The attention-weighted outputs of the multi-head attention layer are concatenated to generate the semantic representation using a dense layer with ReLu activation function as output for the transformer block t, i.e.,

$$\begin{aligned} \textbf{Z}_{t+1} = ReLu\left( \textbf{W} \varvec{\cdot } \textbf{Y}_{1:mh} + \textbf{B}\right) \end{aligned}$$
(16)

where \(\textbf{W} \in \mathbb {R}^{n \times n \varvec{\cdot } mh}\) and \(\textbf{B} \in \mathbb {R}^{n \times d}\) are the weights and biased parameter matrices, \(\textbf{Z}_{t+1}\) represent the output of the t transformer block. The output of the last transformer block, i.e., \(\textbf{Z}_{l+1}\), is considered as the final representation of the input tweet T to the BERT model. To represent in the vector space, \(\textbf{Z}_{l+1}\) is being flatten into \(\textbf{z}_{bert} \in \mathbb {R}^{n \varvec{\cdot } d \times 1 }\) vector for sentiment classification. For ease of reference, the whole operation can be defined as:

$$\begin{aligned} \textbf{z}_{bert} = BERT(\textbf{Z}_0,\theta ) \end{aligned}$$
(17)

where \(\theta \) represents the hyper-parameters such as l number of encoders, mh number of multi-head attentions, and d hidden layer dimensions. We have considered the same hyperparameters used in the original BERT setup, i.e., \(\textit{l}\) = 8 transformer blocks and mh = 8 multi-head attentions.

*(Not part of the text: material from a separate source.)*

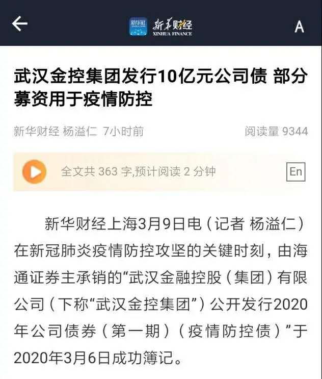 本期债券是集团成立以来发行的首只10年期以上债券,也是全国地方类金控企业中罕见的发行长期限债券品种的创举,在资本市场树立了武汉金控标杆。本期债券部分募集资金将用于集团疫情防控工作,为打赢新冠病毒疫情攻坚战提供了坚实的资金支持。

3.2 Tweet graph construction

Using the same intuition of the study of Singh et al. [2], a tweet is represented as a heterogeneous multi-layer network by considering the link between hashtags, mentions, and normal tokens that co-occur in a tweet. Figure 1 illustrates how a tweet is represented in a heterogeneous multi-layer network. It can be highlighted that before transforming the tweet to the heterogeneous multi-layer network, a preprocessing step, such as removing stopwords, normalizing keywords (converting to lowercase, removal of URL links), and so on, could be performed. This study performs the removal of the stopwords and normalization of keywords before transforming the tweet to the heterogeneous multi-layer network structure.

In this study, the heterogeneous multi-layer network is represented using three types of undirected relations, i.e., mention–mention (MM), hashtag–hashtag (HH), mention–hashtag (MH) or hashtag–mention (HM), and five directed relations, i.e., keyword \(\rightarrow \) keyword (KK), keyword \(\rightarrow \) hashtag (KH), hashtag \(\rightarrow \) keyword (HK), keyword \(\rightarrow \) mention (KM), and mention \(\rightarrow \) keyword (MK). The directed edges are considered to capture the sequence relation of normal tokens. Accommodating all the eight types of relations of a tweet with n tokens can be represented in the adjacency matrix as:

$$\begin{aligned} \textbf{A}_{n \times n} = \begin{bmatrix} \textbf{B}^{HH} &{} \quad \textbf{B}^{HM} &{}\quad \textbf{B}^{HK} \\ \textbf{B}^{MH} &{} \quad \textbf{B}^{MM} &{}\quad \textbf{B}^{MK} \\ \textbf{B}^{KH} &{} \quad \textbf{B}^{KM} &{} \quad \textbf{B}^{KK} \\ \end{bmatrix} \end{aligned}$$
(18)

where MH = HM and \(\textbf{B}^\textit{r}\) represent the adjacency matrix representation of the relation r \(\in \) {HH, MH, HM, MM, KK, KH, HK, KM, MK}.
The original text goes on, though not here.